We have a fear of missing out.
We care about our team’s perceptions and don’t want to look like we’re slacking off.
Is Slack at fault here? It’s common in the software industry to blame the users.
“You're using it wrong.”
But the truth is, most of us can’t be trusted with tools that are packed with so many traps for our distraction-addicted brains. Every tool is a combination of design decisions and in the end, most people simply follow the patterns suggested by the design.
So is it possible to find a balance between connectedness and focused productivity?
Newport defines four main strategies to produce deep, meaningful work:
Monastic: Become a hermit and live a life of prolonged and near-total seclusion.
Bimodal: Divide your time between extreme isolation and shallow work stretches.
Rhythmic: Make daily deep work sessions a habit.
Journalistic: Fit deep work into your schedule whenever there's a gap.
The problem with all of these solutions is that they help with individual productivity – say, if you are writing a book, you could try the monastic approach, ditching the city for a gig as a caretaker at an isolated hotel to fully immerse yourself into deep work and get your creative juices flowing.
But it's not as practical in a team setting.
Unless everyone’s deep work schedule is synchronized, the team as a whole is left with no time for real-time collaboration. It may work with very small teams that are extremely cohesive, but it becomes increasingly infeasible as the team gets larger.
Our own team at Nuclino is not immune to digital distractions, and – especially since we are building a real-time team collaboration tool ourselves – finding a solution has been an ongoing challenge. Over the years, we have experimented with different ways of managing our time and attention and have identified a few deep work policies that have worked well for us.
We have come to the conclusion that Basecamp's “real-time sometimes, asynchronous most of the time” rule of thumb is the best way to maximize our overall team productivity.
All of our team's work (including the writing of this article) happens in Nuclino, and even though it's a real-time collaboration tool, most of it happens asynchronously. Without the expectations of an immediate response, our team is free to focus on our work, reconnecting later to respond.
It is often assumed that constant communication is most effective, but our experience and multiple studies suggest that bursts of rapid communication, followed by longer periods of silence, lead to better results. We still have a Slack account, and it's reserved for emergencies, not-work-related discussions, and lunch plans.

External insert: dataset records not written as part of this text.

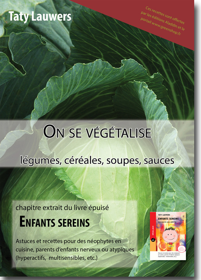 En association avec Aladdin, ma maison d'édition, j'ai le plaisir de vous offrir un dossier digital, à télécharger (59 pages au format A5): un chapitre entier de recettes, de commentaires, de trucs et astuces autour des légumes, des céréales, des potages. Extrait de ce livre épuisé, qui était le tome compagnon pratique du topo :
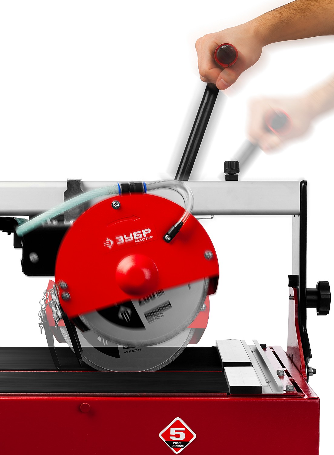 - Принудительное водяное охлаждение предотвращает порчу распиливаемого материала и исключает образование вредной пыли при работе
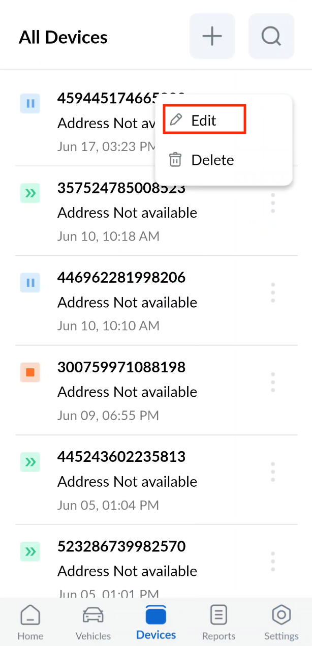 To edit a device, tap the triple dot icon
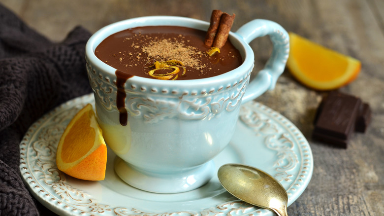 If you're someone who likes a little extra garnishing flair, add a fresh orange slice — or a piece of dried or candied orange — to the hot chocolate to tie everything together.
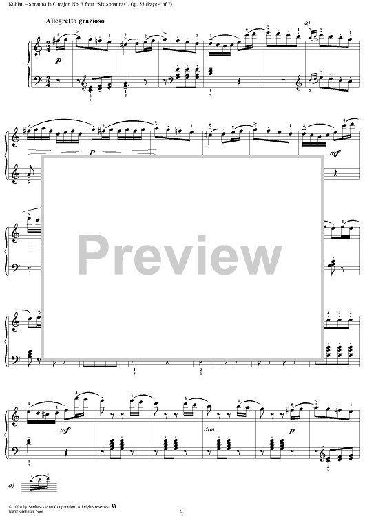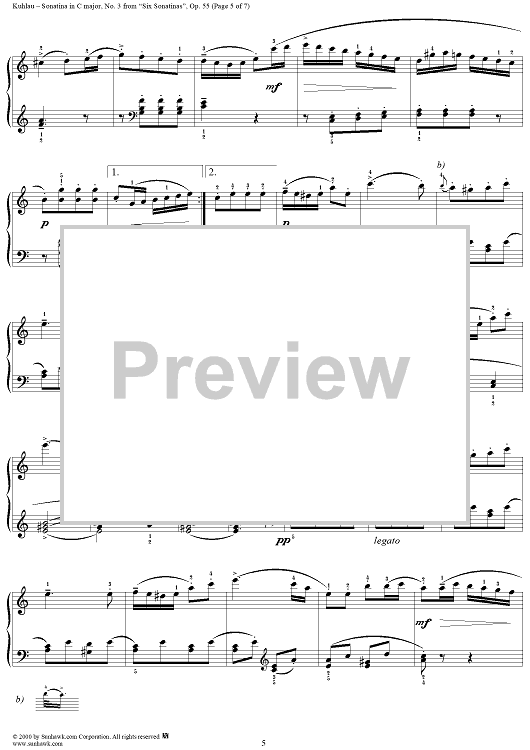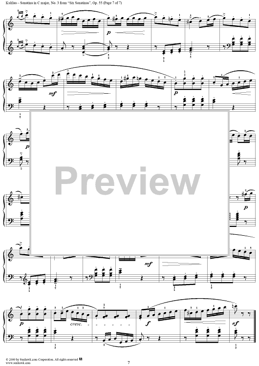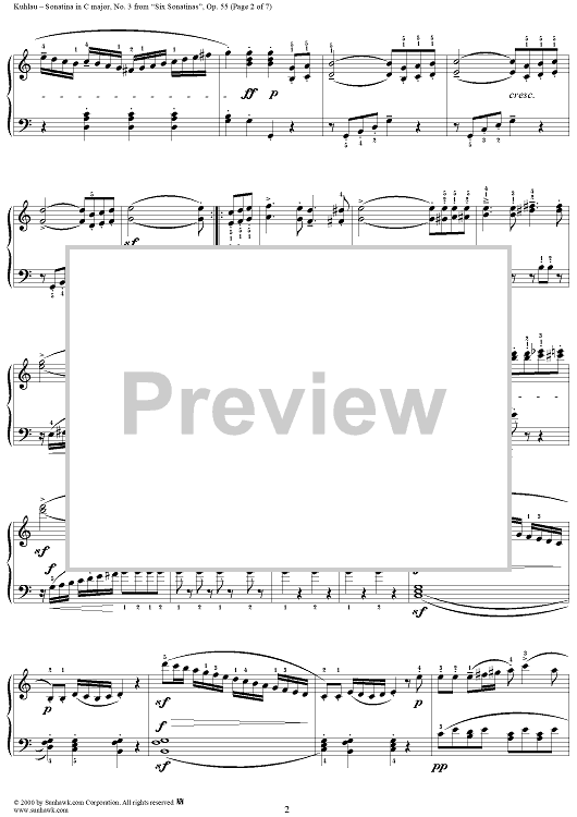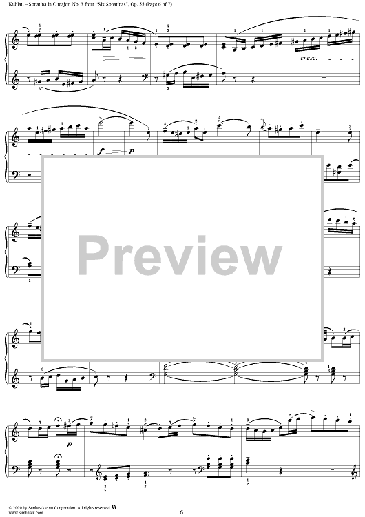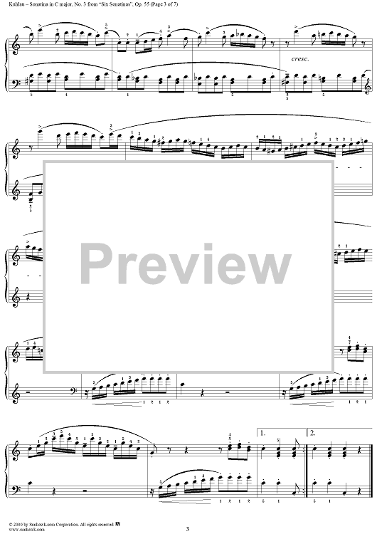 Digital Sheet Music for Sonatina in C major, No. 3 from "Six Sonatinas" Op. 55 by Friedrich Kuhlau scored for Piano Solo; id:253210
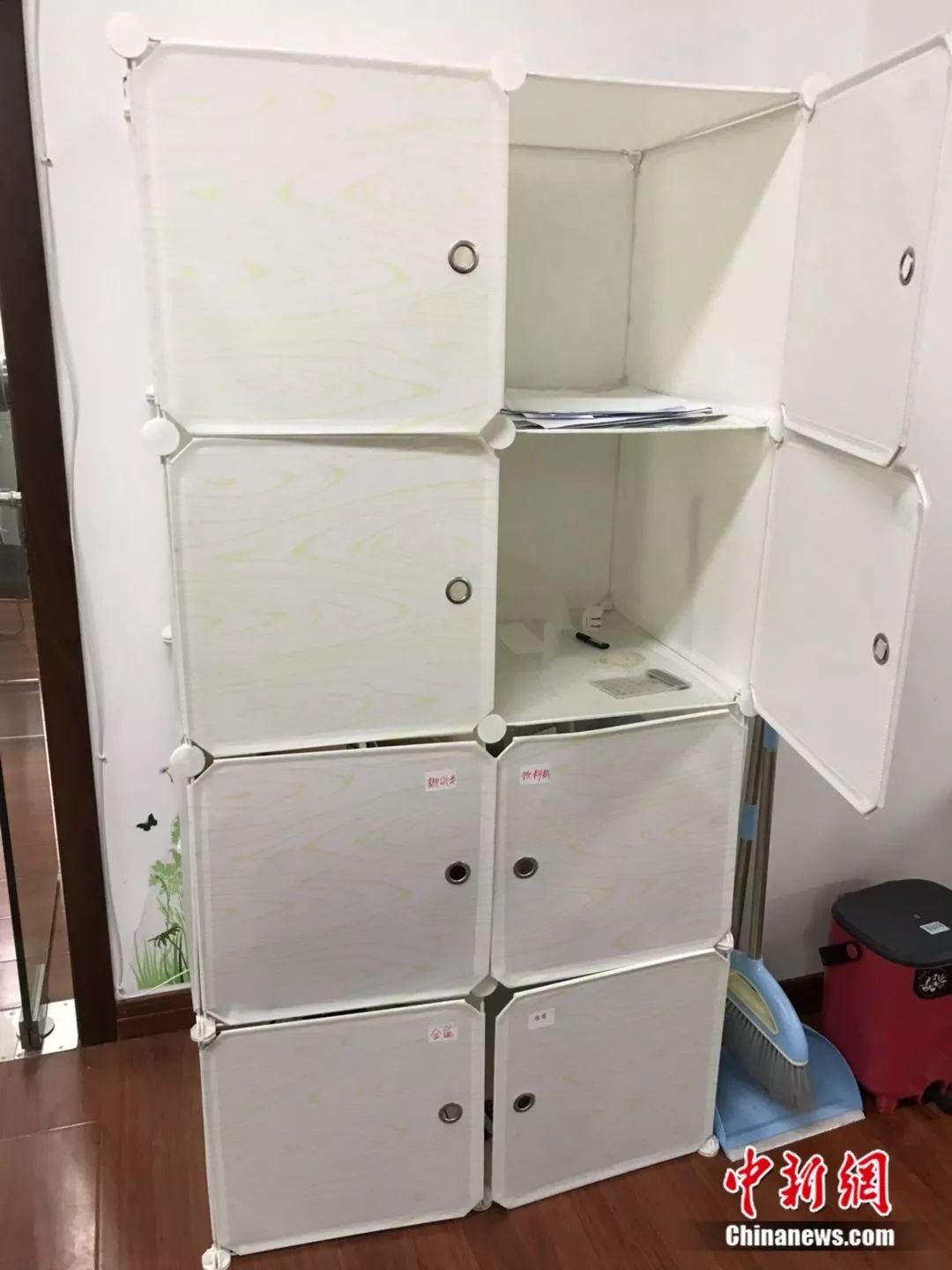 周春办公室内用于回收纸张、饮料品、有害垃圾等的分类橱柜。王子涛摄
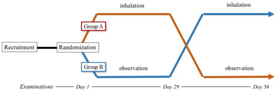 The enrolled participants were randomly divided into two groups, A and B, following a 2-week baseline period. The participants inhaled 18 μg tiotropium once daily between 6:00 a.m. and 8:00 a.m. through a dry powder inhaler device (HandiHaler®; Boehringer Ingelheim, Ingelheim am Rhein, Germany) [13]. Inhalation of tiotropium took place after the patients were given adequate instruction and training by professional nurses. Continuation of inhalation was confirmed at each outpatient examination. Participants who could not continue the inhalation therapy were excluded from this clinical trial. The participants in group A received tiotropium once a day for 28 days and underwent observation for another 28 days. The participants in group B were observed without inhalation for 28 days and then received tiotropium for 28 days (Figure 1). During these protocols, the other medications taken by the participants were unchanged. We measured the pulse oximetry oxygen saturation (SpO2), pulmonary function, 6-min walk distance (6MWD), echocardiographic parameters, and laboratory markers on days 1, 29, and 56. The study protocol was approved by an independent ethics committee, and written informed consent was obtained from all patients.
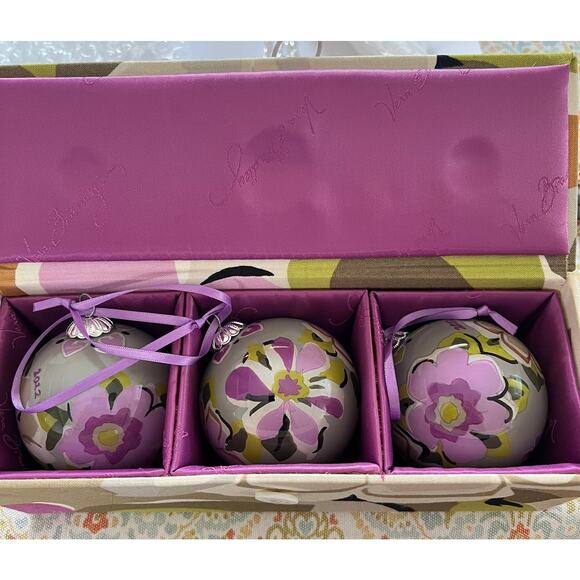 Lot of 3 Vera Bradley hand painted floral glass Christmas tree ornaments retired 2012
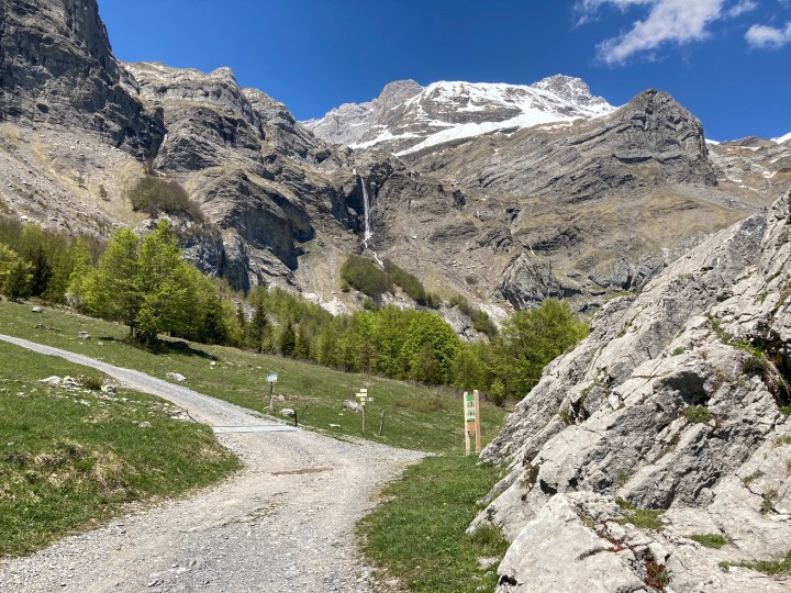You’ll cross le Pont de Bellecombe, with its little torrent (which is quite active during the spring melt!).
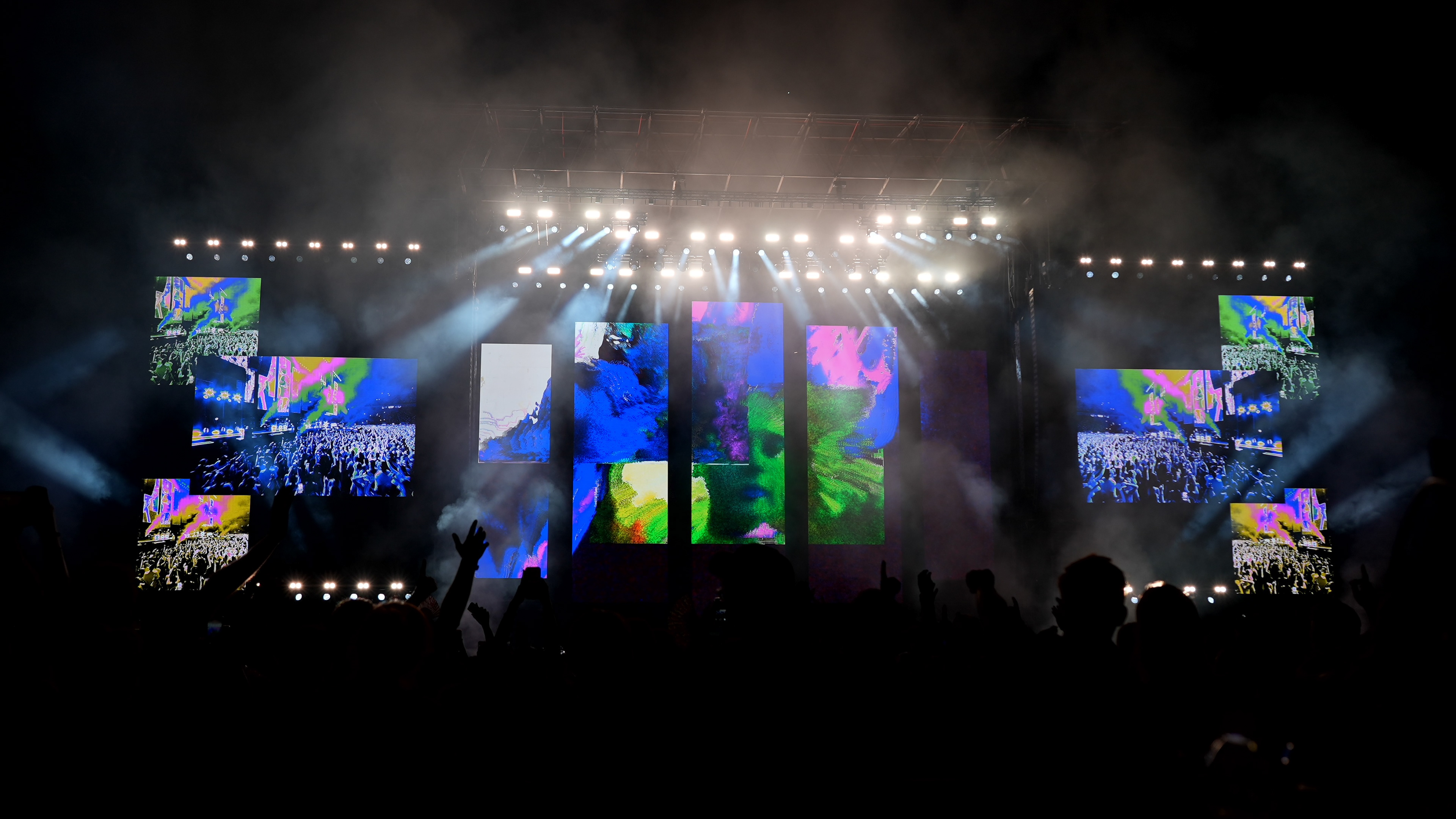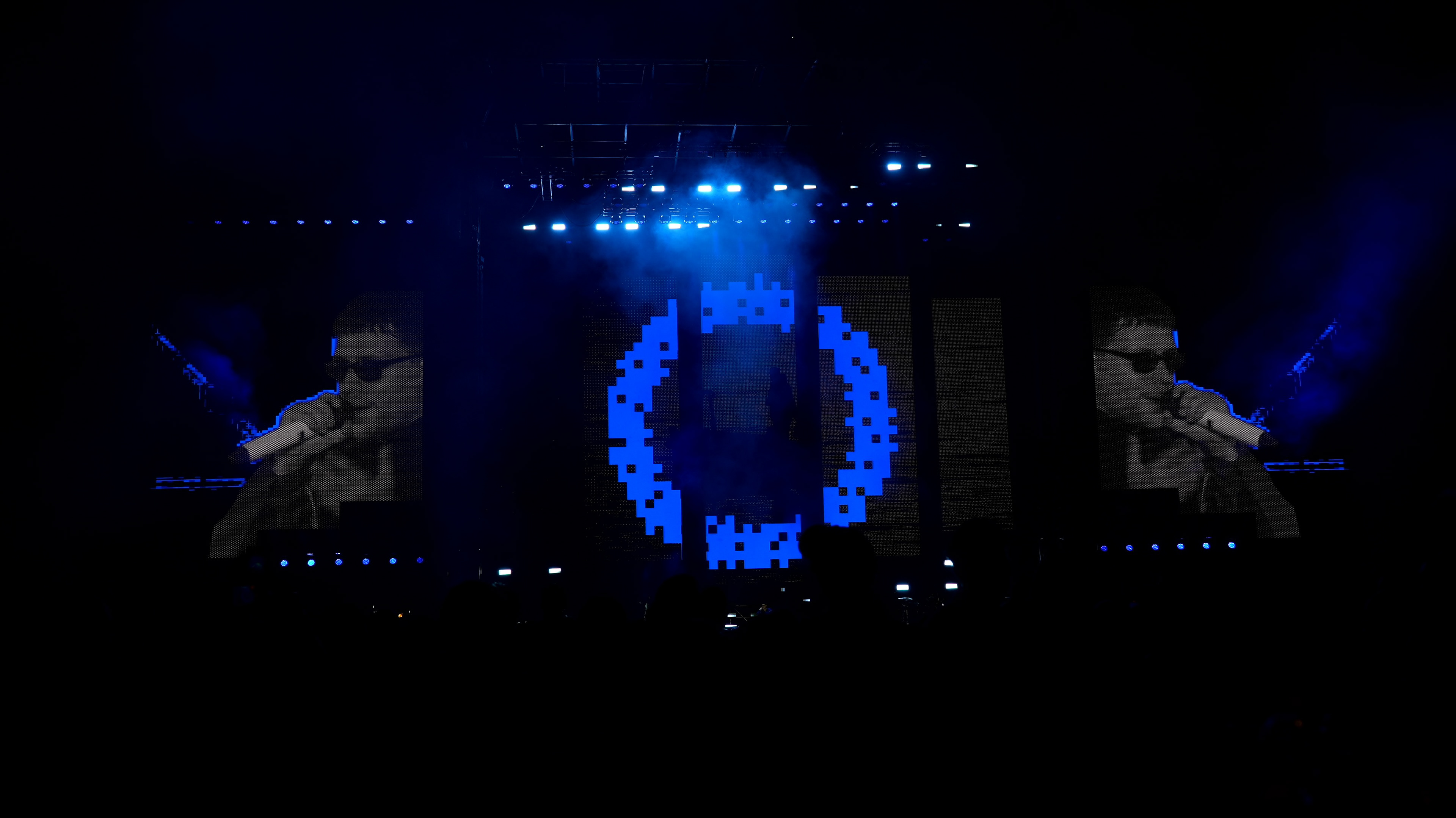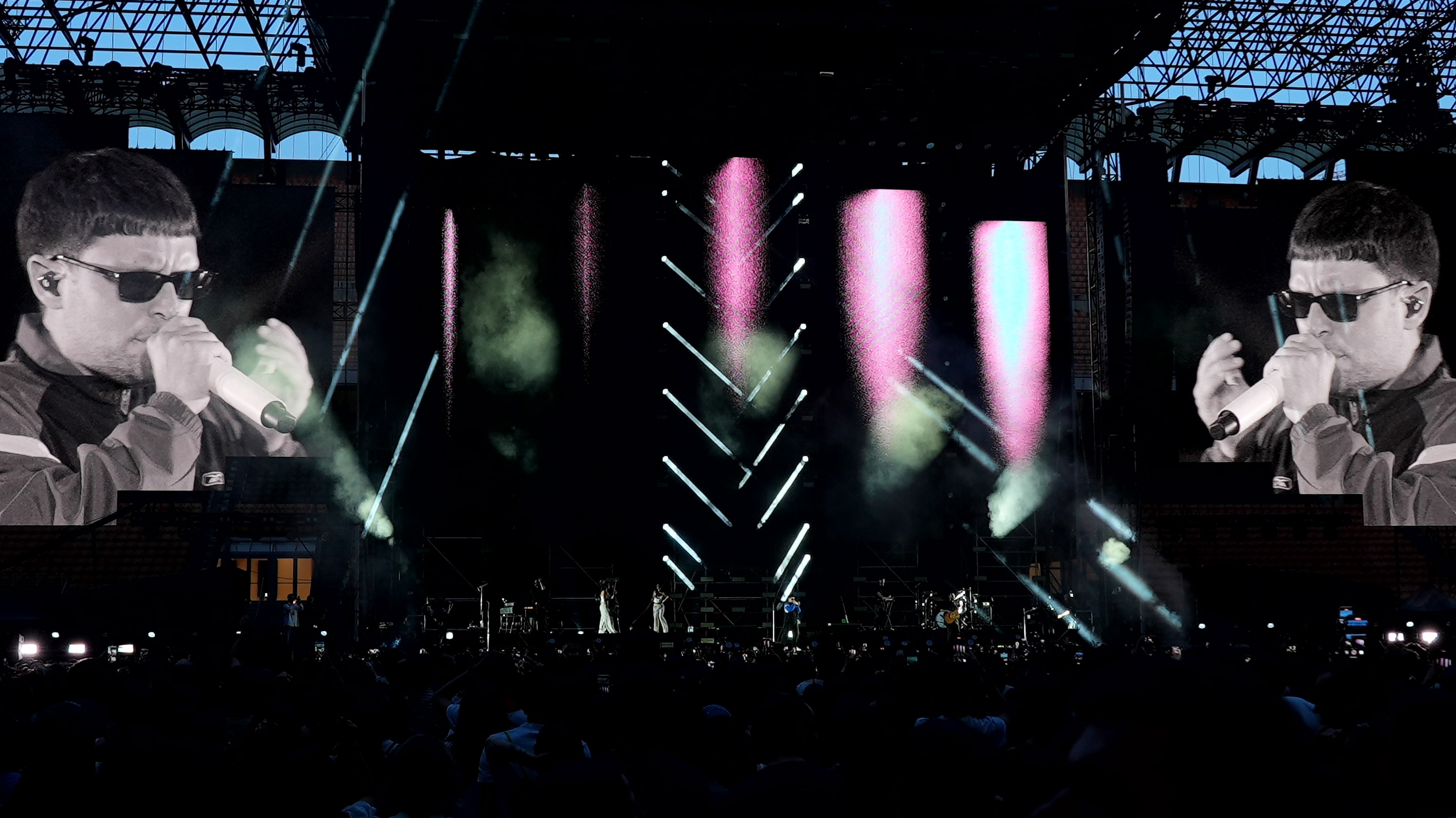 The modular screens made it possible to develop a dynamic visual setup: live footage of the singer and musicians was processed in real time, enhanced with color effects, glitches, and graphic stylizations that turned it into an integral part of the scenography.

One of the things that make focusing so difficult is that the impact of work is often so hard to define and measure. When everything seems important and urgent, it’s difficult to prioritize, and responding to 20 emails starts to feel more productive than thinking about strategies to move that project forward.
Instead, it's better to identify the one thing that we believe will have the biggest impact and commit to it, not allowing ourselves to get sidetracked by shallower work till it's complete.
To do deep work, we require the time and space to get into the zone. Short chunks of time – 10 minutes here, 30 minutes there – aren’t going to do it. People need hours of uninterrupted, private time.
And sometimes the office may not be the best place for it. Even though our team is small enough to be able to work productively in one room without distracting each other, we make it a habit to work remotely part of the week.
Having survived many meetings that should have been an email (or, in our case, a Nuclino item), we have committed to using meetings as a last resort. And the few meetings we have, we try to make count – to avoid thinking on the spot and then allowing the discussion to go in circles, we make it a habit to write up our thoughts first.
When people have time to clearly and concisely lay out their ideas, read and absorb the content, and incubate their responses there is no need to waste time getting everyone on the same page and you can proceed to an informed discussion.
And sometimes, you may realize that the meeting is no longer needed at all – and whether you're a maker or a manager, you are likely to always have better things to do.